What is being asked = Look below for the line that contains "Coffret Tenues Barbie" and the line that contains "Gafas para Perros ENJOYING", then restate both of them and every line in between, exactly. No picture goes in the copy.

Input for this task =
====

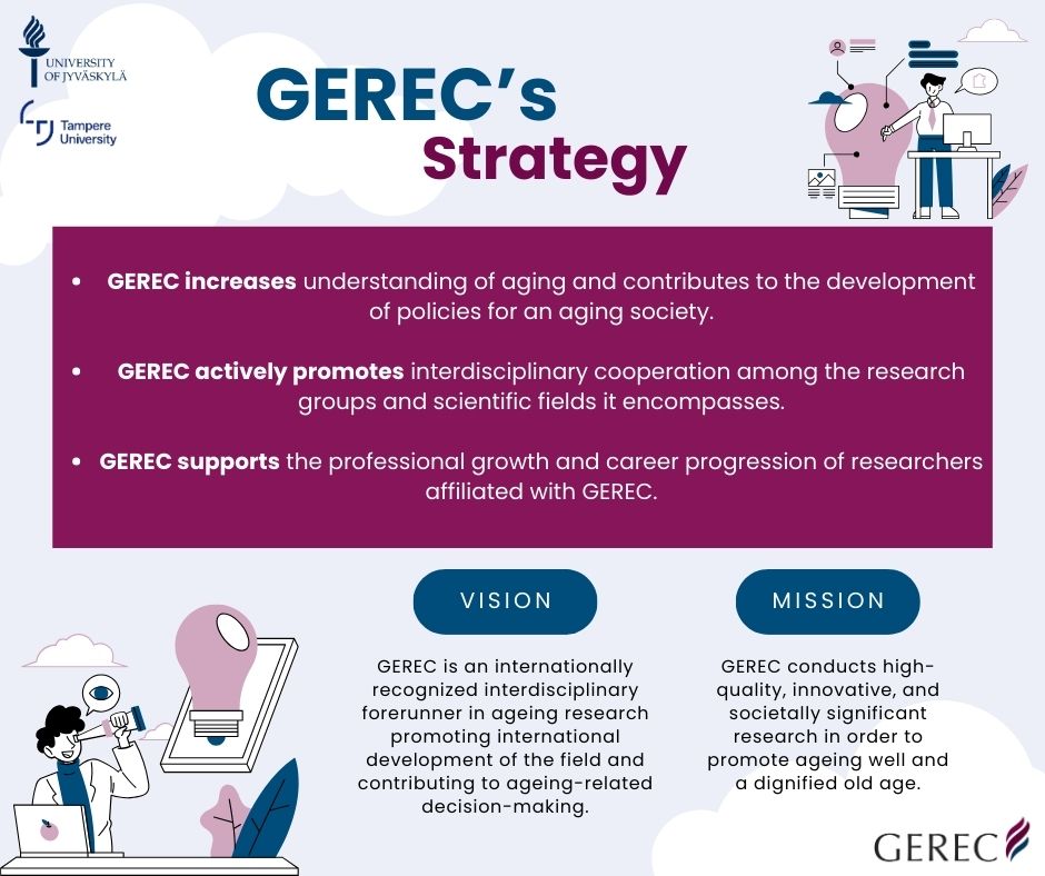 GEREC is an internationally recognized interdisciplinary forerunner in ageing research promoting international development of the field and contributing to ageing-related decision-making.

====

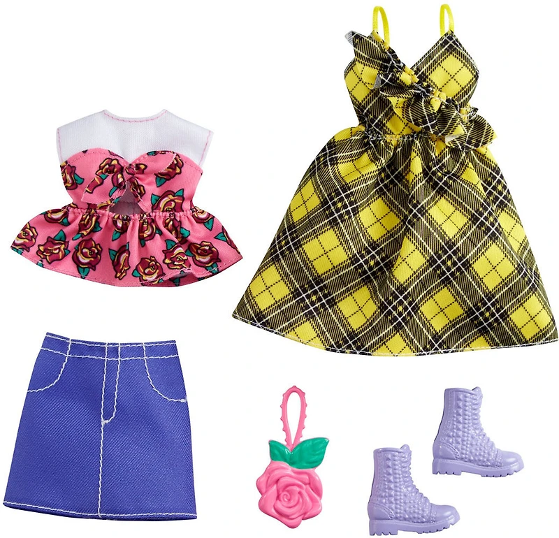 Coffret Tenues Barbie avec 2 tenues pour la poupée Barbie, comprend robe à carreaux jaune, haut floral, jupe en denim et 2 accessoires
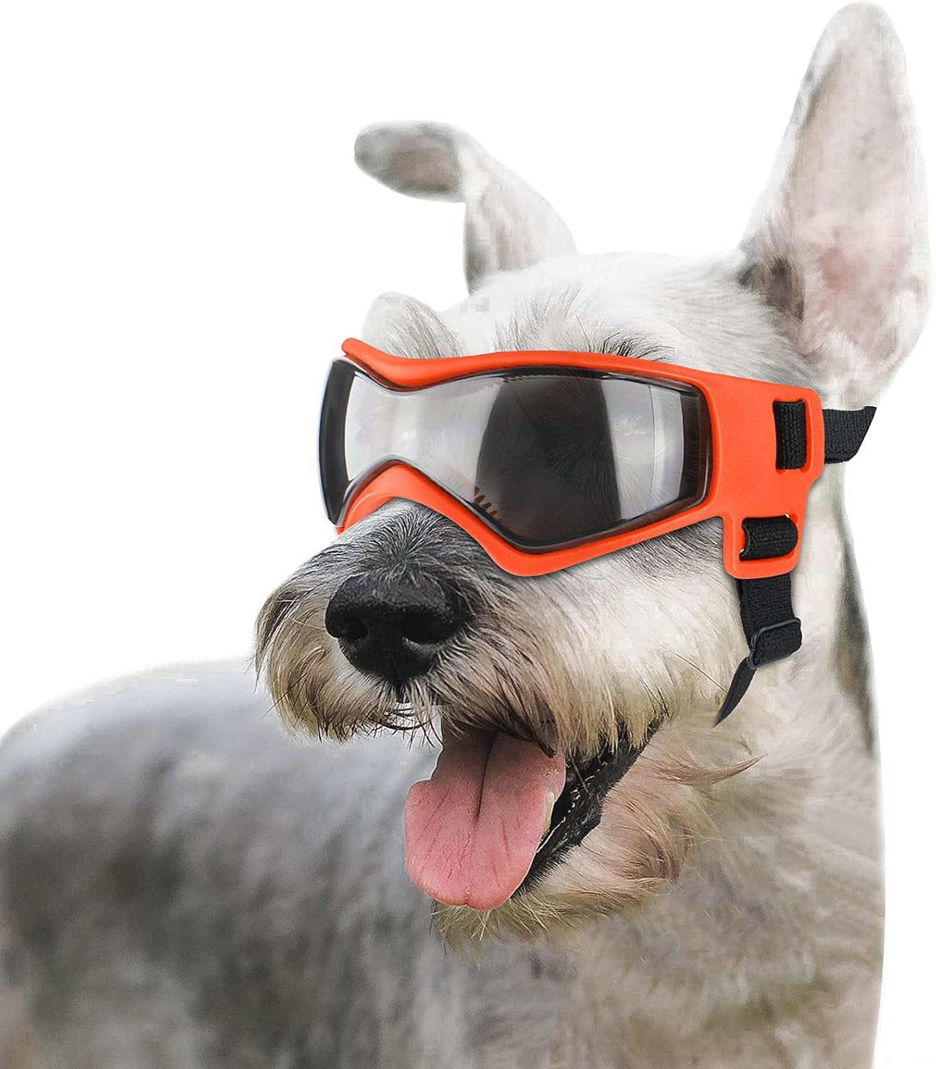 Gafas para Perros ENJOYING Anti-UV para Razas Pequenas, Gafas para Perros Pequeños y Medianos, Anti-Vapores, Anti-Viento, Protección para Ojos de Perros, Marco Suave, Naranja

====

Finished exercise =
 Coffret Tenues Barbie avec 2 tenues pour la poupée Barbie, comprend robe à carreaux jaune, haut floral, jupe en denim et 2 accessoires
 Gafas para Perros ENJOYING Anti-UV para Razas Pequenas, Gafas para Perros Pequeños y Medianos, Anti-Vapores, Anti-Viento, Protección para Ojos de Perros, Marco Suave, Naranja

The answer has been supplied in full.